◆ Exercise goal
Starting with the first line of the data below, copy each line up to and including the one containing "Kol Maca rreth". Pictures stay out.

====== Extracted information

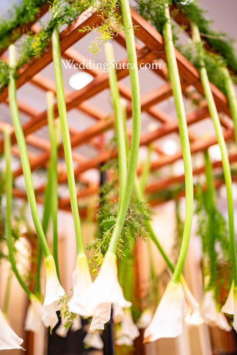 The first concept table had a sophisticated aura surrounding it as a printed black and white linen covered the table’s perimeter with carefully picked elements placed on top of it. The tea-light candles placed inside tinted glass holders, contemporary metallic lamps, classic white and silver cutlery added a hint of elegance to the table. The greens at the center of the arrangement and the fronds placed atop white napkins interlaced a refreshing vibe into the monochromatic color scheme of the table. The highlight, however, was the bunch of white calla lilies extended upside down above the table laced around a beautiful wooden framework.
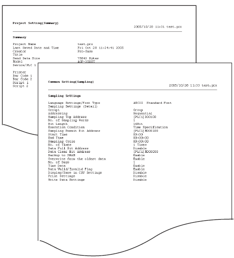 You can print the project settings for a file from GP-Pro EX.This feature is useful for debugging and documenting projects.
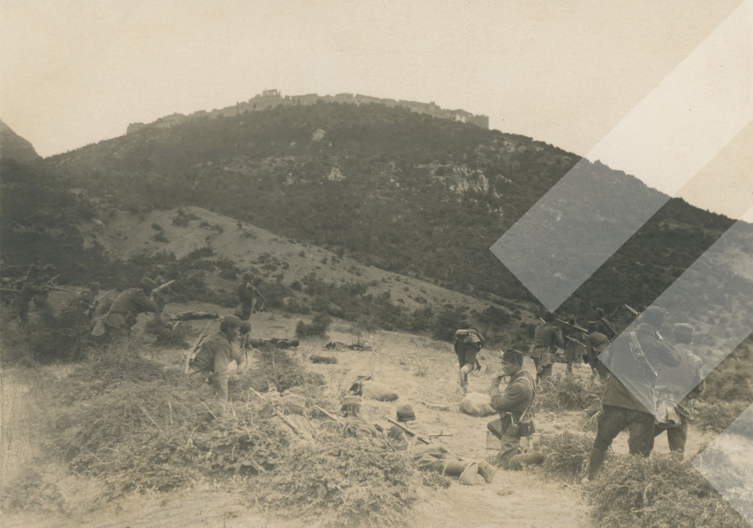 Kol Maca rreth 1921-1922 Forcat qeveritare në luftime me kryengritës në qytetin e Lezhës (fotot mund t'i përkasin rebelimit të Mirditës të nëntorit të vitit 1921) print në letër, 9 x 14 cm.
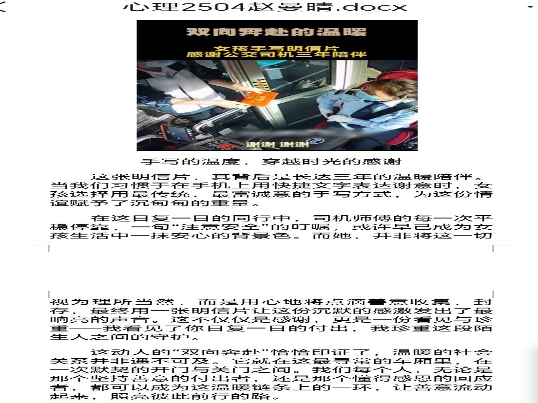 活动中,同学们搜集并截图保存触动心灵的新闻瞬间,再以真挚文字撰写个人感悟。征集期间,大量饱含温度的作品涌来:从路人自发帮忙捡拾洒落的玉米,到社区为外卖员特设暖心厨房;从街头陌生人的举手相助,到基层工作者的默默坚守,同学们发掘的故事覆盖社会生活方方面面,每一张截图都是人性光辉的生动定格,每一段感悟都是青年视角的深刻共鸣。“寒风再烈,也抵不过人心的滚烫”“秋冬的寒凉或许无法避免,但人与人之间的善意与关怀,总能汇聚成驱散寒意的暖流”——这些直白又真挚的话语,是同学们对社会温情的细腻解读。
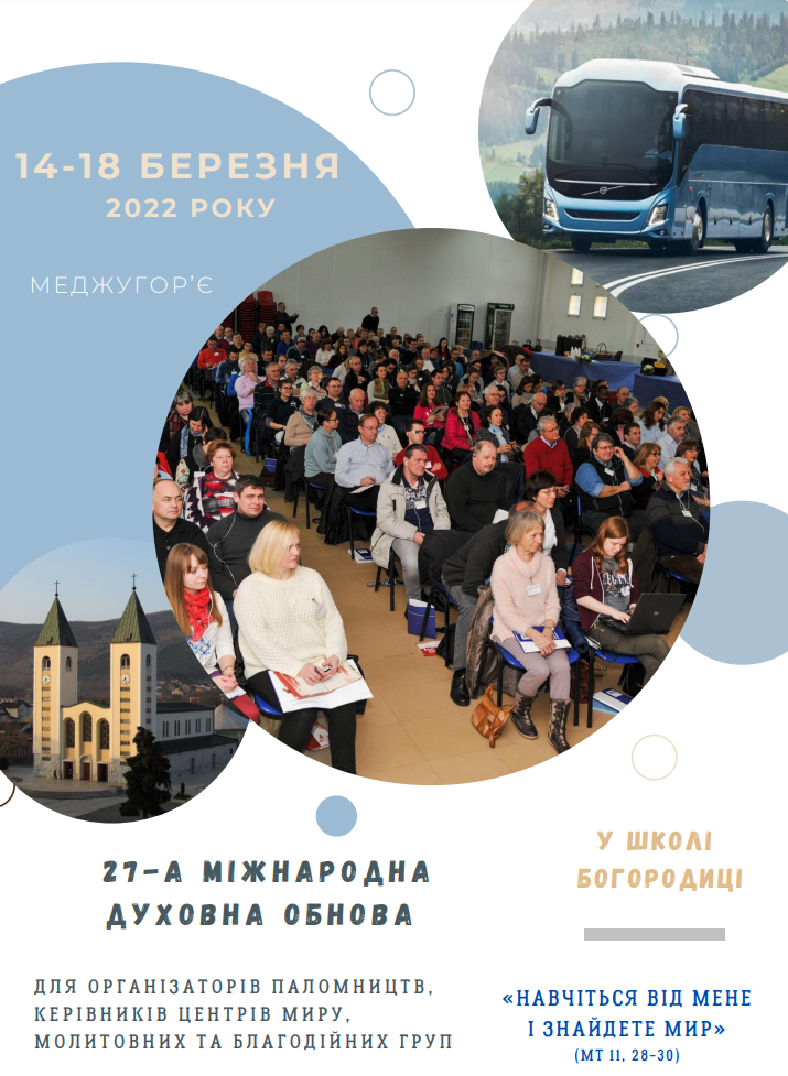 27-а міжнародна духовна обнова для організаторів паломництв, керівників центрів миру, молитовних і благодійних груп, пов’язаних із Меджуґор’єм, відбудеться в Меджуґор’ї з 14 по 18 березня 2022 року.
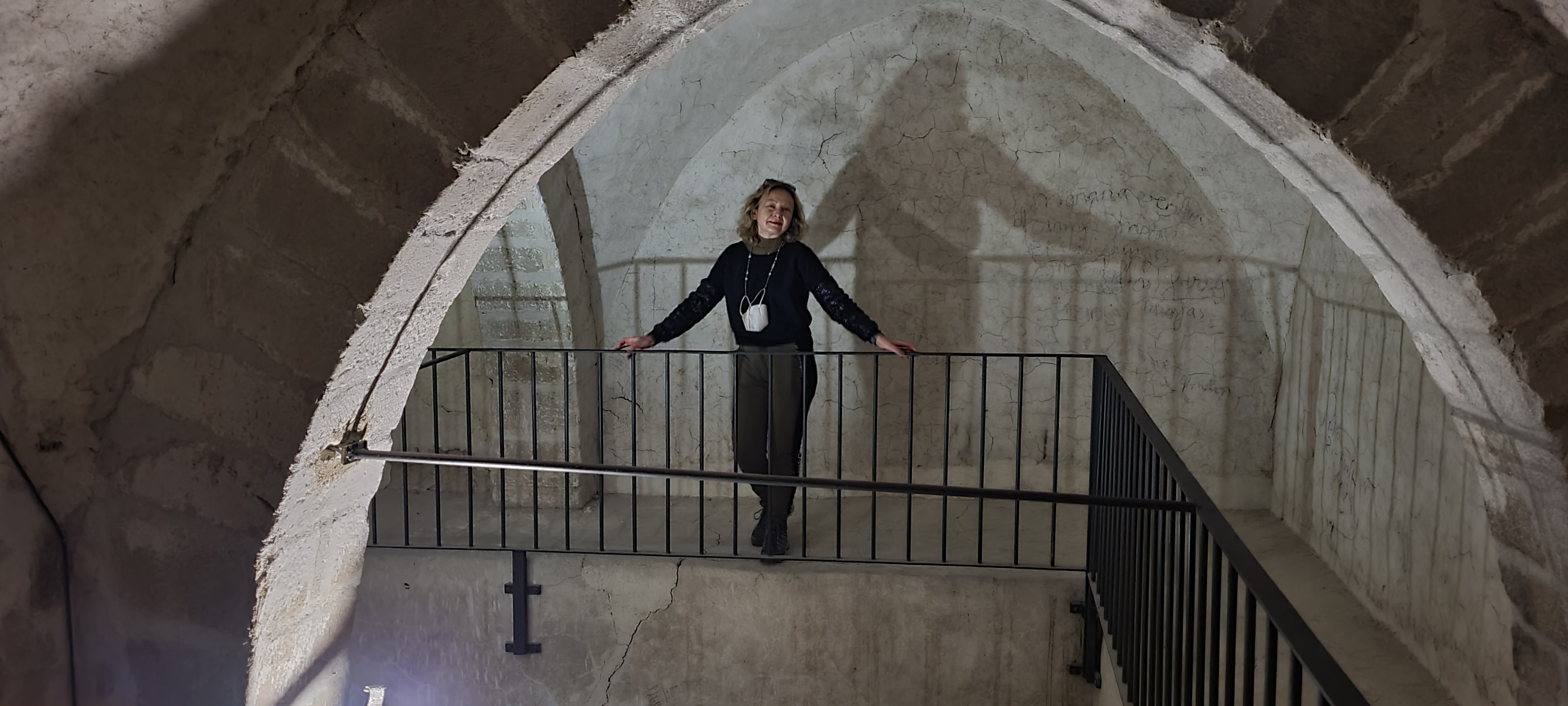 En la pared este de la sala arranca la escalera mural de acceso a la terraza almenada, último reducto defensivo de la fortificación.
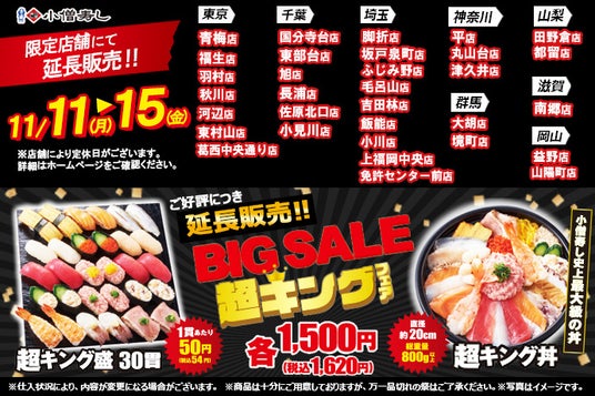 小僧寿しの新たな平日企画!「BIG SALE!『超キング』フェア」!大!大!大好評につき!11月11日(月)~延長販売決定しました!(限定販売にて開催します)
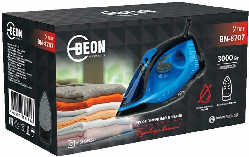 Утюг электрический BEON BN-8707, 3000Вт, подошва керамика, самоочистка, антикапля, резервуар 320мл интересное:
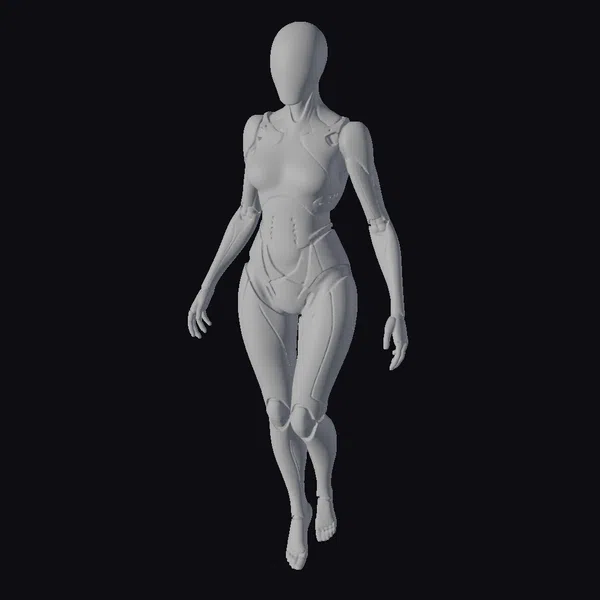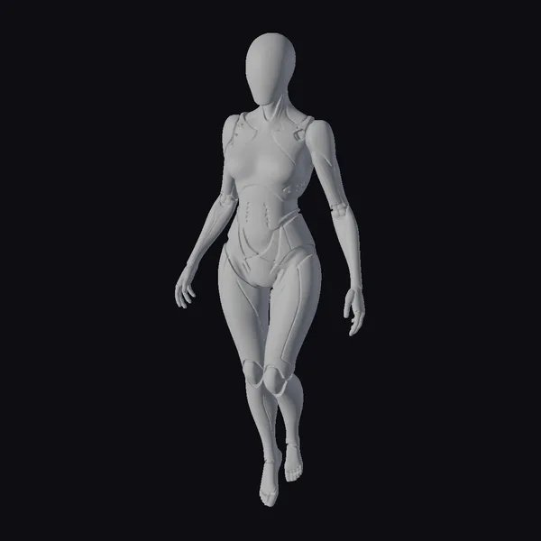Standing tall with an air of futuristic elegance, this cyborg woman boasts a shiny metallic body that reflects light, accentuating her robotic nature. Her face is smooth and featureless, adding to her enigmatic presence. The model’s body is designed with a focus on mobility, evident from her articulated joints which allow for a variety of poses. The lack of facial features shifts the focus to her physique and the interplay of light on her metallic surface. Ideal for projects requiring a futuristic, high-tech character, such as sci-fi animations, video games, or conceptual designs. The model’s versatility makes it suitable for both static and dynamic scenes.
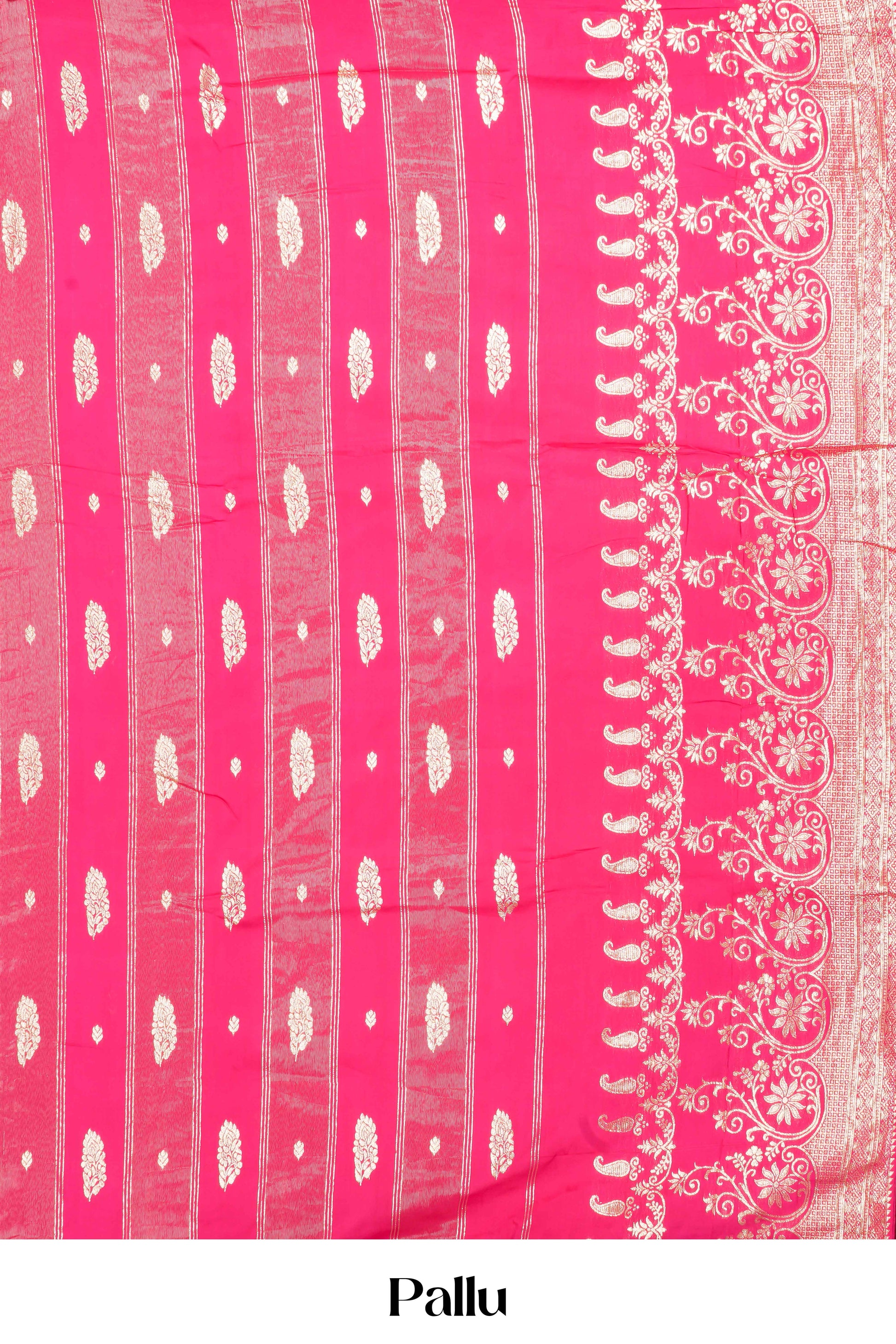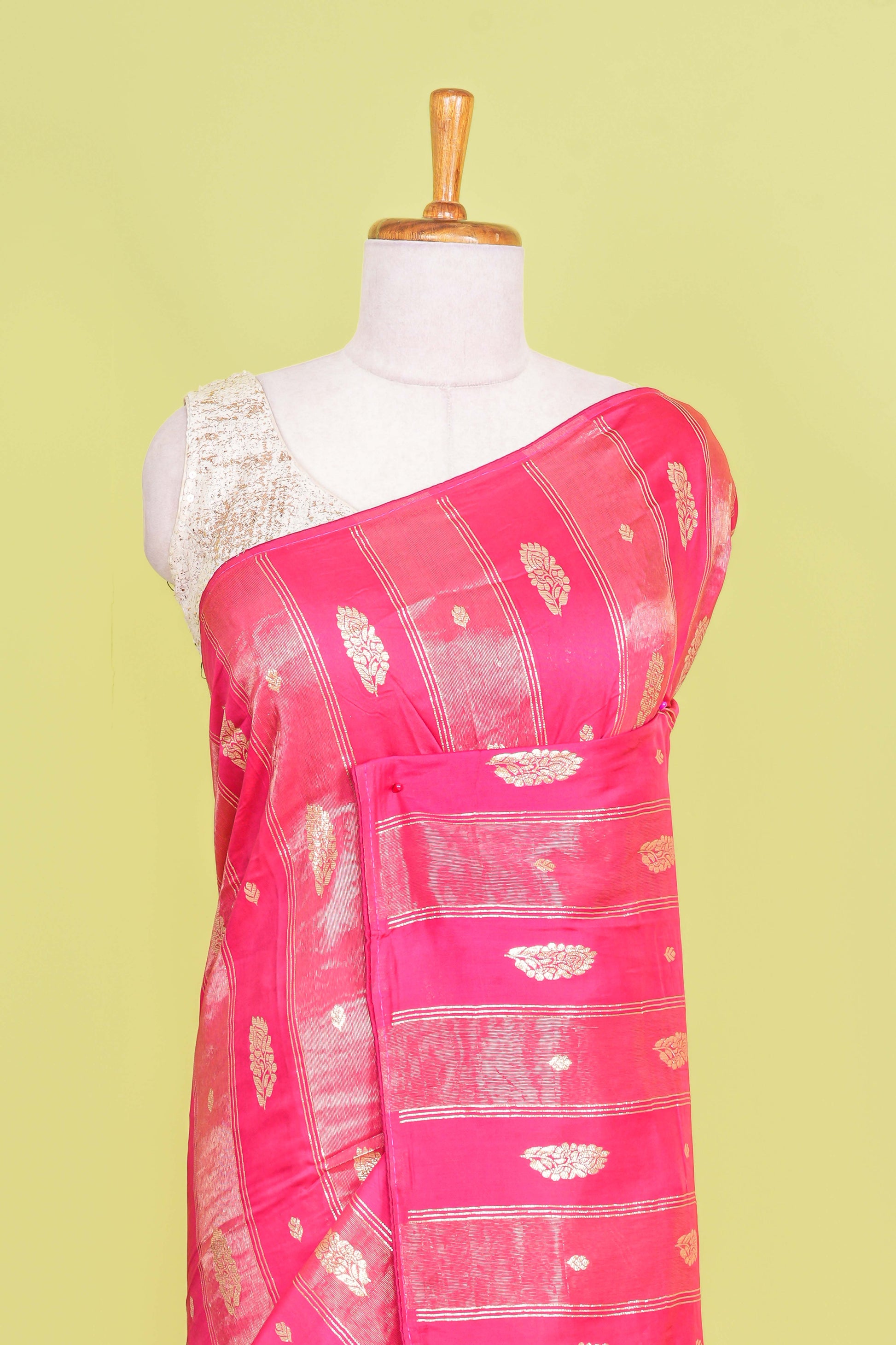 Rani Pink Viscose Georgette Saree Zari Woven Stripes, Floral Pattern Across The Body With Paisley Motifs Pallu Along With Zari Butta Blouse
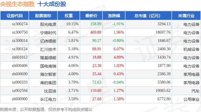 证券之星消息,10月9日,央视生态(399556)指数报收于2924.8点,涨2.35%,成交1295.18亿元,换手率1.67%。当日该指数成份股中,上涨的有39家,赣锋锂业以10.0%的涨幅领涨,下跌的有11家,惠城环保以6.37%的跌幅领跌。
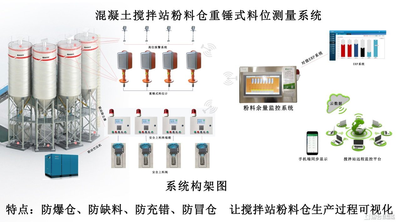 對拌合站(攪拌站)生產而言,根據每天的訂單量確定需要采購的物料量是采購部門每天的例行管理工作,但ERP的計算余量總是不準確,筒倉沒有合適的筒倉高度全量程料位探測產品,敲錘又不方便,且不能多頻度敲錘,所以生產中的缺料現象時有存在,影響正常生產。
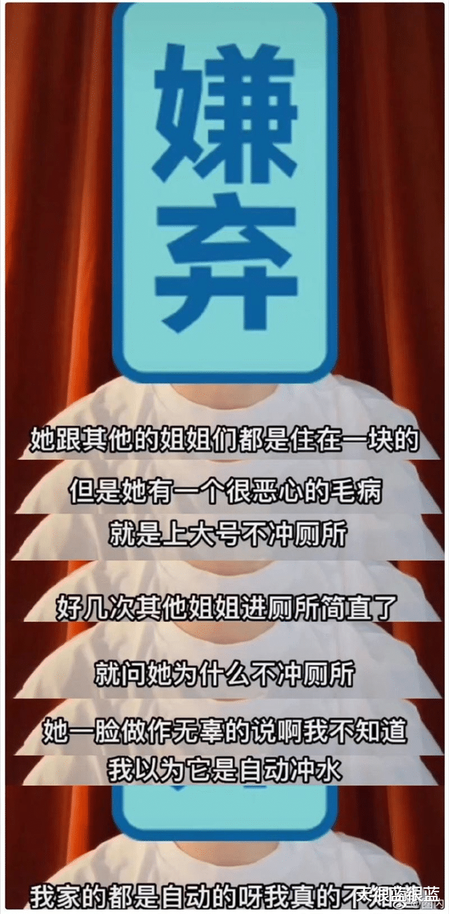 爆料者還說女星衛生習慣很差,當時幾個姐姐們同住一間公寓,結果對方上完大號不愛沖水,被其他姐姐撞見好幾次,并詢問女星到底為什么不處理,結果女星一臉無辜的回答自己不知道,說家里都是自動沖水的,以為宿舍也會是這樣,讓其他人超無言。有一次幾位姐姐排練時,有一位女星發現對方沒穿內衣,其他女星便立刻上前提醒,結果女星這時才抱住自己的胸部大叫,說自己忘記了。
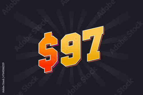 97 Dollar American Money vector text symbol. $97 USD United States Dollar stock vector
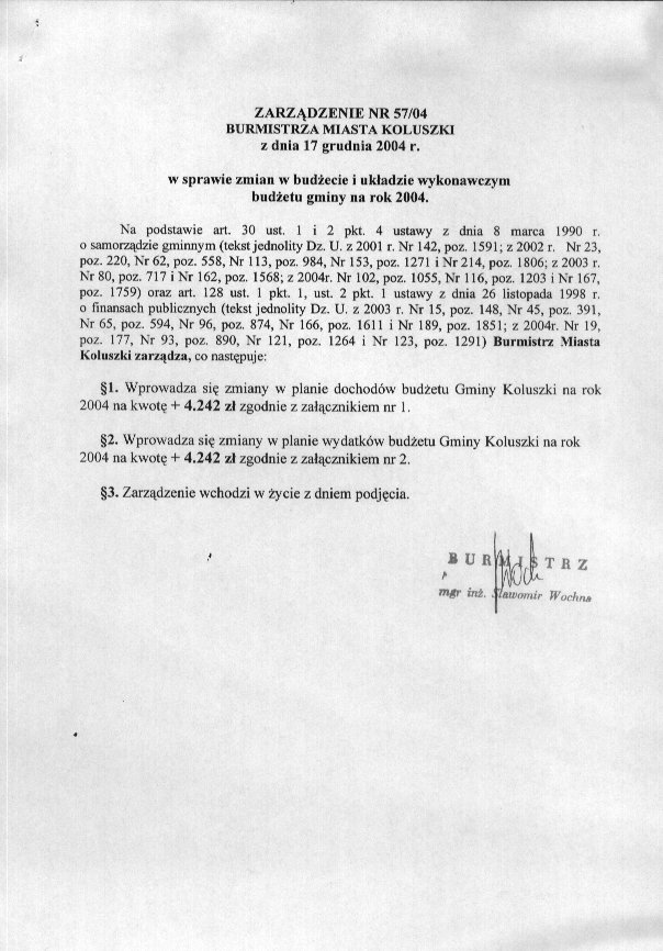 w sprawie zmian w bud偶ecie i uk艂adzie wykonawczym bud偶etu gminy na rok 2004.
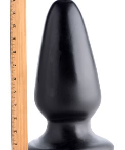 If you are trying to achieve a stuffed-to-the-max sensation and a wide, gaping sphincter… look no further! This extra-extra-extra-extra-large butt plug will give you the anal challenge of a lifetime, an experience that you will never forget. The tapered tip gives you a little help, so long as your booty is already used to large insertions. The huge butt plug will gradually stretch you open more and more as you impale yourself further and further. Think you can handle it? This material is phthalate-free and compatible with both silicone and water-based lubricants. Clean after use with warm water and mild soap or toy cleaner.
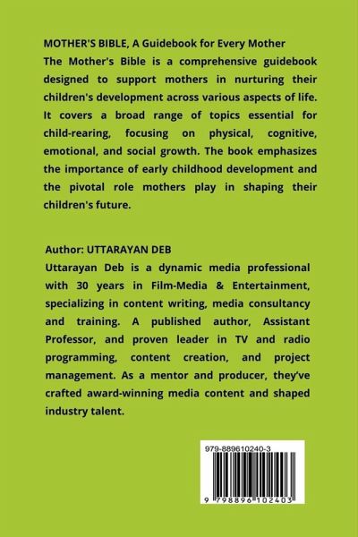 The Mother's Bible is a comprehensive guidebook designed to support mothers in nurturing their children's development across various aspects of life. It covers a broad range of topics essential for child-rearing, focusing on physical, cognitive, emotional, and social growth. The book emphasizes the importance of early childhood development and the pivotal role mothers play in shaping their children's future. Key Sections: Nutrition, Health and Wellness, Physical Development, Emotional and Social Development, Cognitive Development, Educational Development, Habits and Routines, Seasonal Protection and Safety, Behavioral Guidance, Special Needs and Inclusivity, Parental Self-Care and Cultural and Ethical Values. The book concludes by recapping these core concepts, reinforcing the holistic approach to child development that combines physical health, cognitive growth, emotional resilience, and the nurturing of ethical values and inclusivity. It serves as a resourceful guide for mothers aiming to provide well-rounded care and support for their children.

============

◆ Exercise answer
 The first concept table had a sophisticated aura surrounding it as a printed black and white linen covered the table’s perimeter with carefully picked elements placed on top of it. The tea-light candles placed inside tinted glass holders, contemporary metallic lamps, classic white and silver cutlery added a hint of elegance to the table. The greens at the center of the arrangement and the fronds placed atop white napkins interlaced a refreshing vibe into the monochromatic color scheme of the table. The highlight, however, was the bunch of white calla lilies extended upside down above the table laced around a beautiful wooden framework.
 You can print the project settings for a file from GP-Pro EX.This feature is useful for debugging and documenting projects.
 Kol Maca rreth 1921-1922 Forcat qeveritare në luftime me kryengritës në qytetin e Lezhës (fotot mund t'i përkasin rebelimit të Mirditës të nëntorit të vitit 1921) print në letër, 9 x 14 cm.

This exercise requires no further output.